Scalar, Electromagnetic and Gravitational Perturbations of Kerr-Newman Black Holes in the Slow-Rotation Limit

TL;DR

This paper analyzes scalar, electromagnetic, and gravitational perturbations of Kerr-Newman black holes in the slow-rotation limit, deriving perturbation equations and computing quasinormal modes to study stability.

Contribution

It provides the first detailed derivation of perturbation equations and quasinormal modes for Kerr-Newman black holes in the slow-rotation approximation, extending previous analyses.

Findings

Axial and polar sectors are isospectral at first order in spin

First self-consistent stability analysis of Kerr-Newman metric

Derived perturbation equations for gravito-electromagnetic case

Abstract

In Einstein-Maxwell theory, according to classic uniqueness theorems, the most general stationary black-hole solution is the axisymmetric Kerr-Newman metric, which is defined by three parameters: mass, spin and electric charge.

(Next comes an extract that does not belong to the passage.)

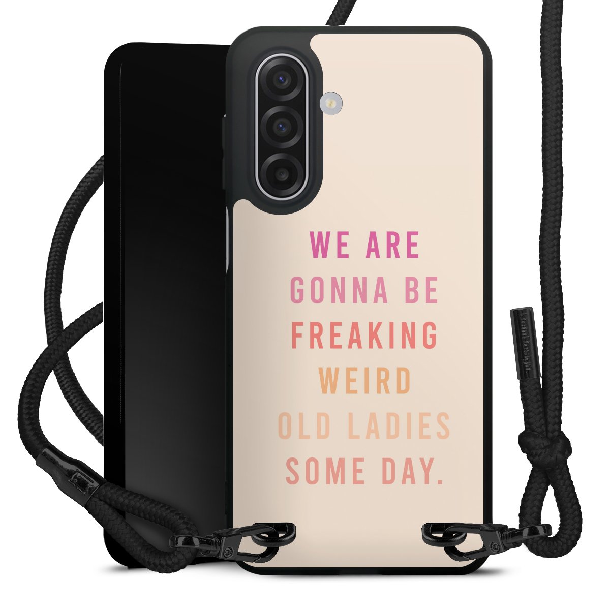 We use the solid direct print process for this phone case, which is why the print area only covers the back and the edge remains unprinted. The case to wear around your neck can be ordered unprinted, fully printed, or partially printed. For your design, either choose one of our exclusive shop motifs or get creative and create your own design, for example with photos and overlays. Design your own personal trend accessory and make an individual statement on the streets!
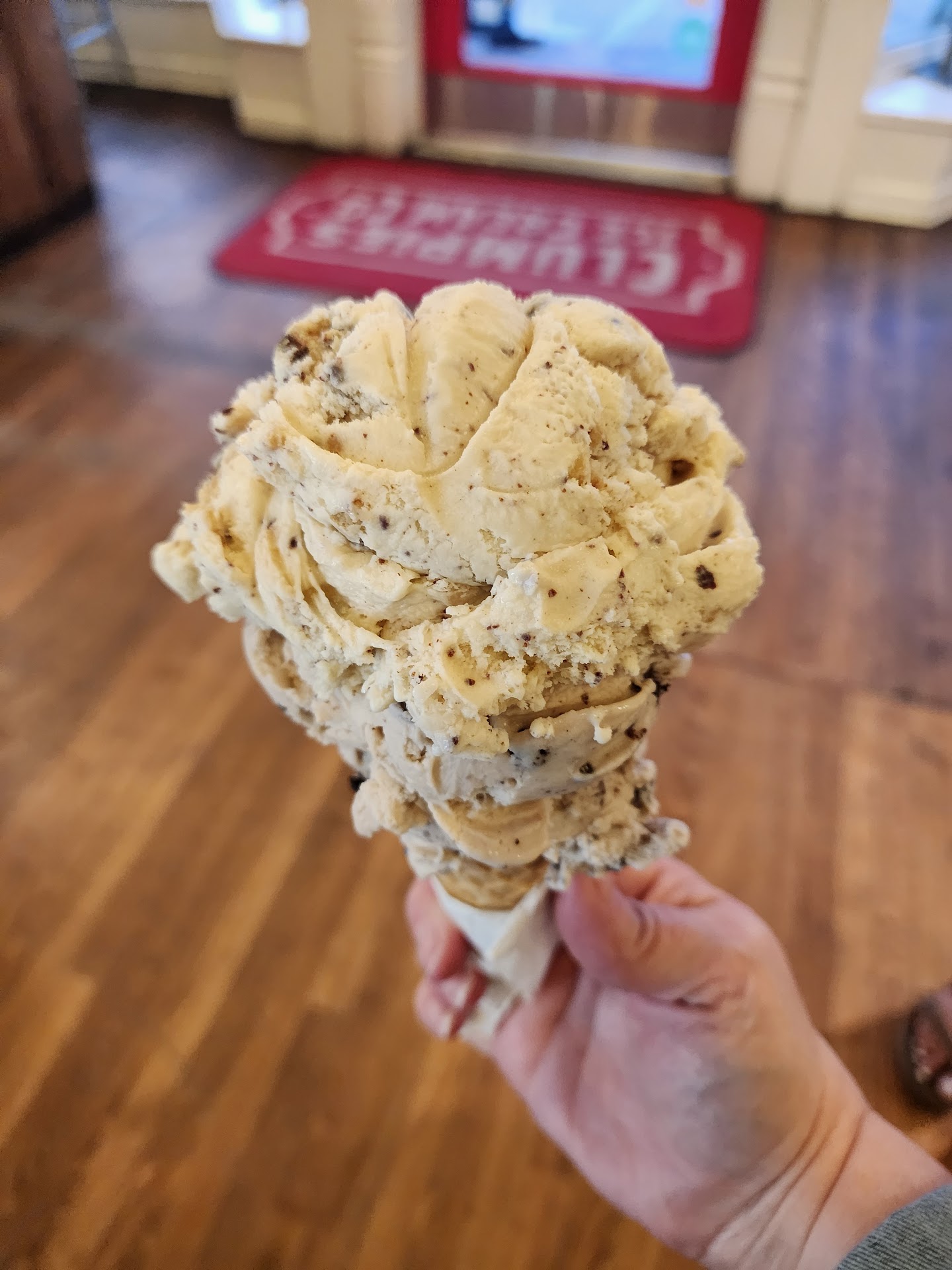 There was a line. But it moved pretty quickly. They had lots of staff on hand for a scooping. And by the way we needed the two or three minutes in line to decide what we wanted. And by the way this was a hot busy Saturday night. So I imagine we were at peak rush hour.

The radial and angular dependence of gravitational and electromagnetic perturbations in the Kerr-Newman geometry do not seem to be separable. In this paper we circumvent this problem by studying scalar, electromagnetic and gravitational perturbations of Kerr-Newman black holes in the slow-rotation limit. We extend (and provide details of) the analysis presented in a recent Letter [arXiv:1304.1160]. Working at linear order in the spin, we present the first detailed derivation of the axial and polar perturbation equations in the gravito-electromagnetic case, and we compute the corresponding quasinormal modes for any value of the electric charge. Our study is the first self-consistent stability analysis of the Kerr-Newman metric, and in principle it can be extended to any order in the small rotation parameter. We find numerical evidence that the axial and polar sectors are isospectral at first order in the spin, and speculate on the possible implications of this result.